One would think, then, that the now-dominant liberal idea of diversity, while not necessarily aligning with conservative views, would be a welcome sight and a matter of negotiation between the two sides rather than an all-out war.
We may not agree with the Millian approach arguing for constant disruptive social experiments or the Marxian obsession with power relations among groups one can see nowadays, but that is a matter of the practice and parameters, not the overall principle.
So why is this not the case? Why do conservatives not actively celebrate diversity and variety in a way that aligns with their own principles?

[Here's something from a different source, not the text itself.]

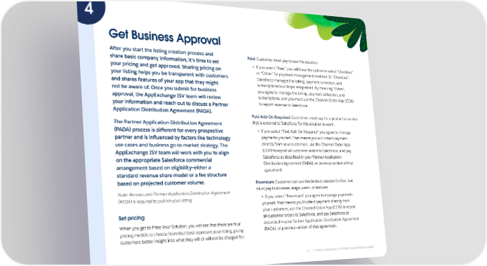 4 Get Business Approval After you start the listing creation process and Paid: Customer must pay to use this solution. share basic company information, it’s time to set • If you select “Paid,” you will have the option to select “Checkout” your pricing and get approved. Sharing pricing on or “Other” for payment management method. In “Checkout”, your listing helps you be transparent with customers Salesforce manages the billing, payment collection, and and shares features of your app that they might subscriptions (via Stripe integration). By choosing “Other”, not be aware of. Once you submit for business you agree to manage the billing, payment collection, and subscriptions, and you must use the Channel Order App (COA) approval, the AppExchange ISV team will review your information and reach out to discuss a Partner to report revenue to Salesforce. Application Distribution Agreement (PADA). Paid Add-On Required: Customers must pay for a product or service The Partner Application Distribution Agreement that is external to Salesforce for this solution to work. • If you select “Paid Add-On Required” you agree to manage (PADA) process is di昀昀erent for every prospective payments yourself. That means you will collect payment partner and is in昀氀uenced by factors like technology use cases and business go-to market strategy. The directly from your customers, use the Channel Order App (COA) to report all customer orders to Salesforce, and pay AppExchange ISV team will work with you to align Salesforce as described in your Partner Application on the appropriate Salesforce commercial arrangement based on eligibility—either a Distribution Agreement (PADA), or previous version of that standard revenue share model or a fee structure agreement. based on projected customer volume. Freemium: Customer can use this limited solution for free, but Note: An executed Partner Application Distribution Agreement must pay to increase usage, users, or features. (PADA) is required to publish your listing. • If you select “Freemium” you agree to manage payments yourself. That means you’ll collect payment directly from Set pricing your customers, use the Channel Order App (COA) to report all customer orders to Salesforce, and pay Salesforce as described in your Partner Application Distribution Agreement When you get to Price Your Solution, you will see that there are four (PADA), or previous version of that agreement. pricing models to choose from that best represent your listing, giving customers better insight into what they will or will not be charged for: 10 APPEXCHANGE ISV PARTNER ONBOARDING GUIDE

There is of course the sad and tragic reality that some on “our side” oppose diversity measures because they oppose diversity, period. This includes a belief that being “too open” to people around the world could result in America’s
losing its identity and
Republican unease at other kinds of diversity in American life. The questions of how many diversity opponents exist, and how influential are they, does not erase their reality and presence. Dealing with them is unpleasant, but necessary.
Another reason is the nostalgia throughout the United States for the same conformist and non-diverse era of the ‘50s, for various reasons (conservatives due to the relative social stability and prosperity, liberals due to the power of unions and other groups). Arguing in favor of diversity seems like an argument for chaos against the backdrop of a longing for a “simpler time,” even if many conservatives themselves found that time quite stifling.
Even if we set aside those issues, conservatives would see very little in common between their idea of diversity and variety and the liberal conception.
The conservative idea of diversity is not as easy to define as the liberal one; the latter is based on an easily applicable formula of groups broken down by race, gender, and class. The liberal approach is also often laser-focused on just a few issues concerning those groups—fairness, justice, equality, power relations.
Important as those issues are, they are not all that man is. And traditional conservatives are interested in variety not (only) as a means to correct previous injustices but because they see wisdom and value in the existence and interplay of different human groups from different times, places, and origins as such. Sometimes the differences can be understood and explained—such as differences in religion or language—and sometimes they are more instinctive, such as habits or superstitions.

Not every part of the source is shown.